Exposure of preparations to cyclopiazonic acid (CPA 10 μM for 1 – 3 hours), a blocker of the CaATPase and therefore the refilling of internal Ca2+ stores, led to a transient increase in the contraction frequency associated with an increase in contraction amplitude (Figure 8A) (Santicioli & Maggi, 1997). After a 60 min exposure to CPA the percentage increase in the contraction amplitude was 280±21% of control, while the frequency of contraction decreased to 49±4% (n=12) of control. This resulted in an average increase in the calculated MI to 135±14% of control. This increase in contraction amplitude was long lasting, the frequency of contraction also gradually decreased during this maintained exposure to CPA. Even after 3 h exposure to CPA (10 μM), spontaneous contractions of raised amplitudes but decreased frequency were still observed (Figure 8A). Moreover the positive inotropic effects of histamine (10 μM for 5 min) were still partially evident after this period of exposure to CPA (n=3) (data not shown).

Figure 8.

Figure 8

Open in a new tab

Effects of blocking the sarcoplasmic reticulum CaATPase with cyclopiazonic acid (CPA). (A) Contraction amplitude and frequency transiently increased and slowly declined with time in the presence of CPA (10 μM for >120 min). (B – C) Application of CPA (10 μM for 10 min) gradually increased the duration of the recorded action potential in both caffeine-sensitive (Bi,ii) and -insensitive (Ci,ii) cells. This effect of CPA was reversed upon wash-out (Biii, Ciii). The membrane potential in control saline was −48 (B) and −42 (C) mV, respectively. Time and voltage calibration bars apply to all traces.
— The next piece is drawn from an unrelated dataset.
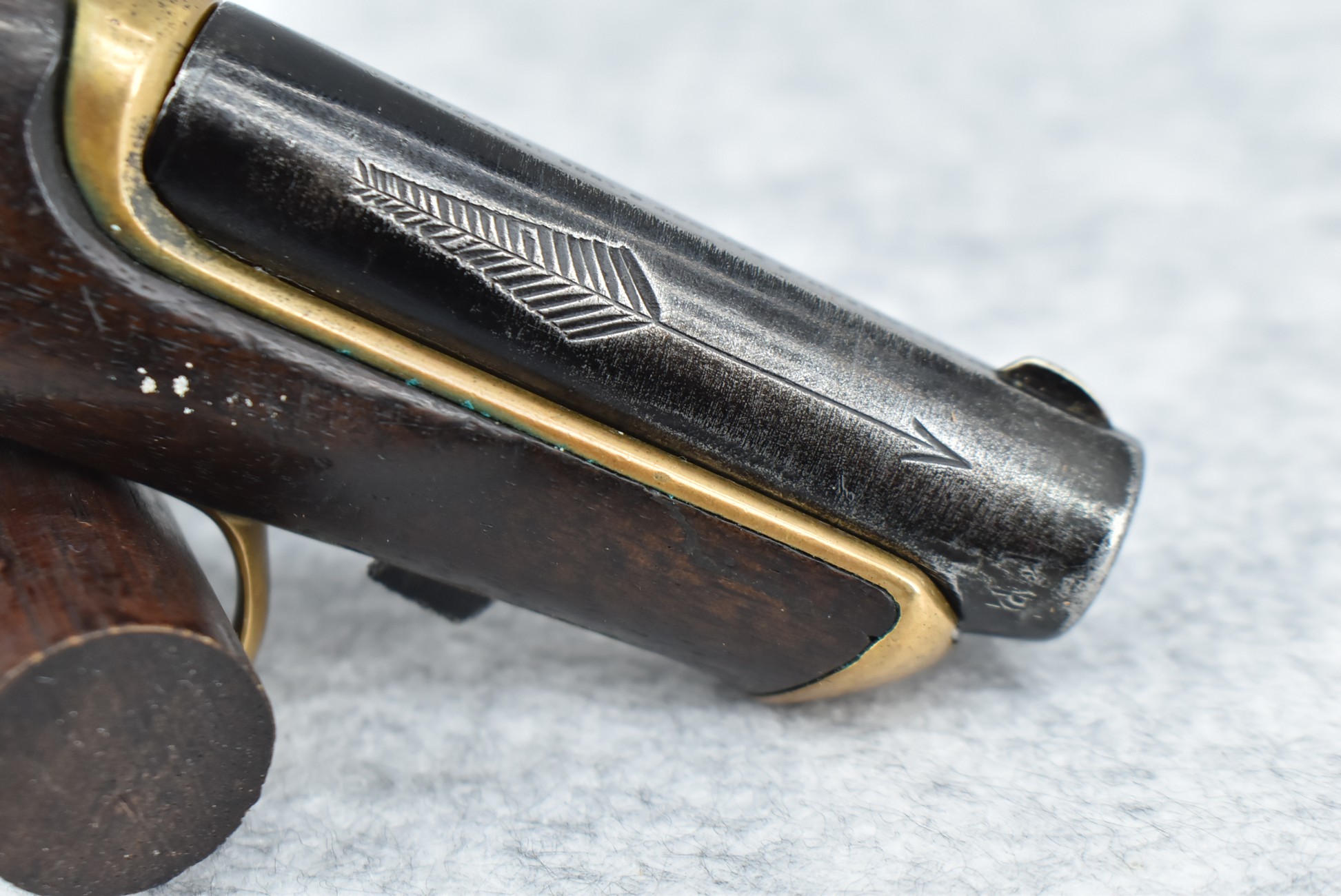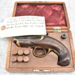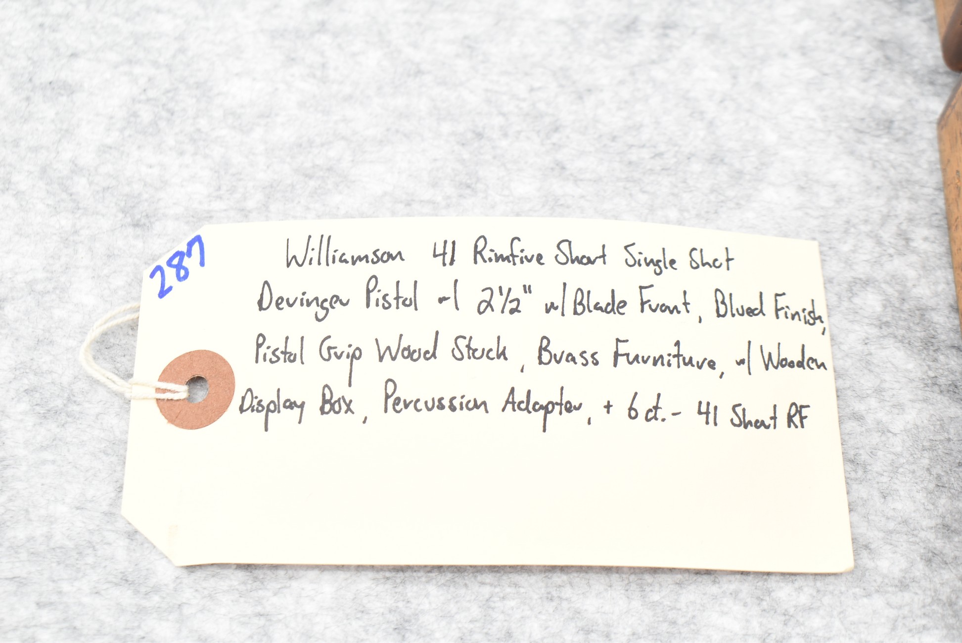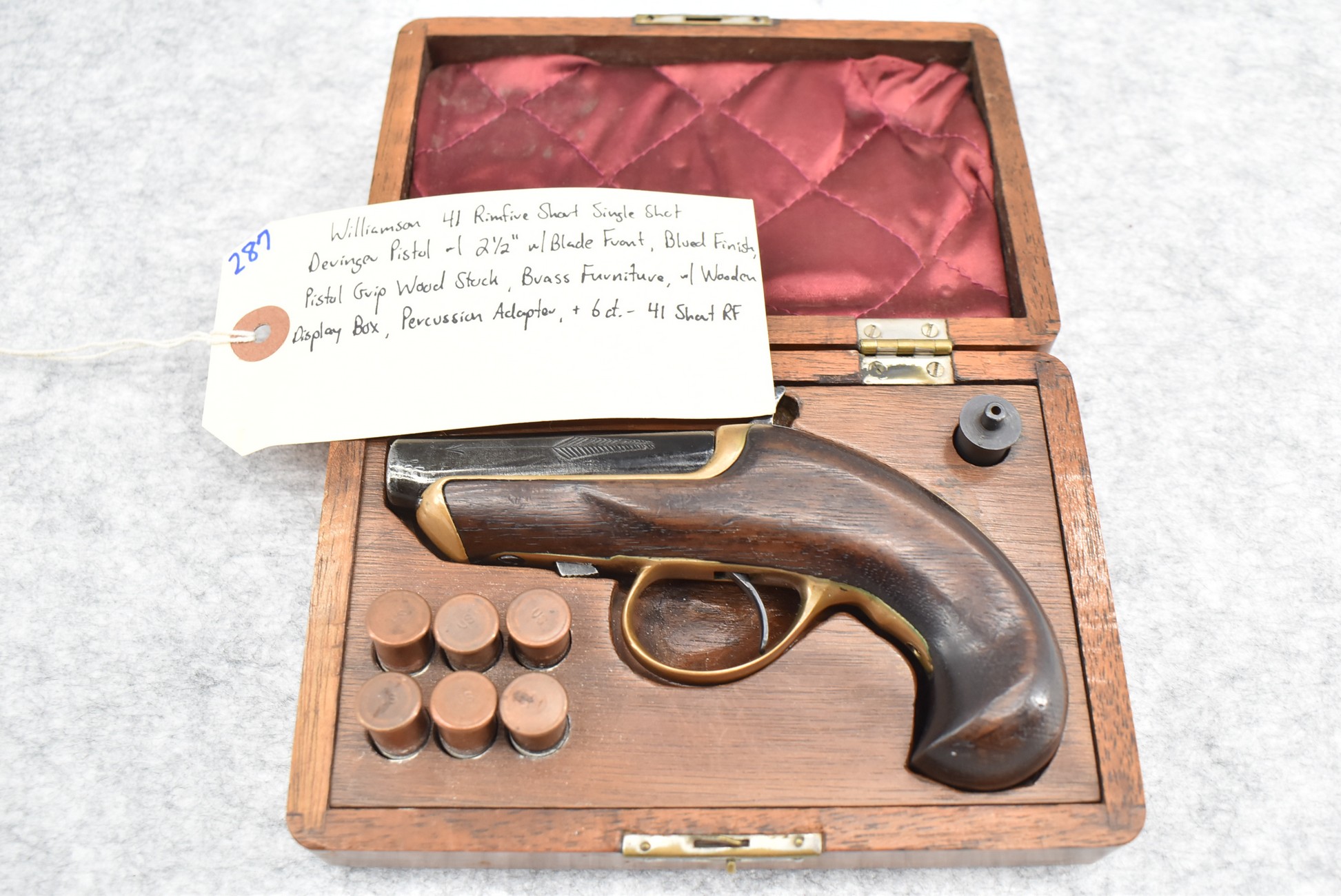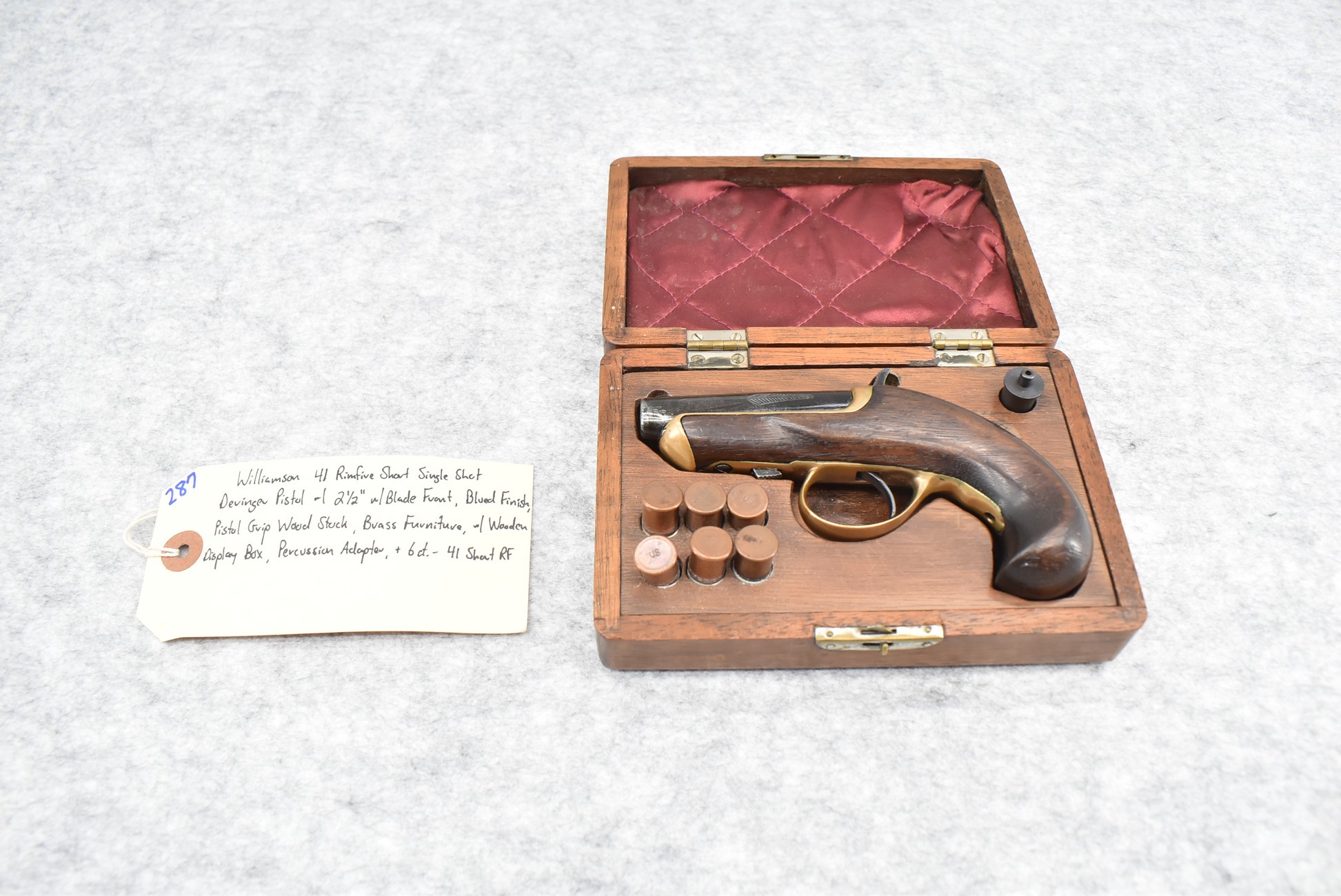 287. Williamson – 41 RF Short Cal. Single Shot Philadelphia Style Deringer Pistol – w/2 ½” Barrel w/Blade Front – Blued Finish – w/Pistol Grip Wood Stock w/Brass Furniture – w/Wooden Display Box, Percussion Adapter & 6ct. of 41 Short RF Ammo
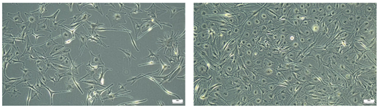 圖2、hTERT永生化新生兒黑色素細胞形態(tài)與典型的黑色素細胞形態(tài)類(lèi)似。用高倍和低倍倒置顯微鏡在10倍物鏡下拍攝貼壁黑色素細胞的融合圖像。(比例尺為82微米)

To ascertain whether any of the agents tested above were having any additional non-specific actions we have also examined their action on the excitatory contractile responses evoked during a 5 min exposure to 60 mM K+ saline. In Figure 2, it can be seen that caffeine (1 mM) (n=7) (Figure 2A), U73122 (5 μM) (n=4) (Figure 2D) and neomycin (4 mM) (n=5) (Figure 2E) all reduced the initial excitatory response to 60 mM K+ saline. Moreover, caffeine (1 mM) and neomycin both significantly reduced the 60 mM K+-induced rise in basal tone to 30±14% and 39±22% of their respective control values (both P<0.05). In contrast, the high K+ contractions evoked in the presence of ryanodine (30 μM) (n=5) (Figure 2B) or 2-APB (60 μM) (n=6) (Figure 2C) were little affected. The rise in basal tension during the plateau was 91±23% (n=5) and 66±18% (n=6), respectively, not significantly different from their control rises in tension during an exposure to 60 mM K+ saline (both P>0.5).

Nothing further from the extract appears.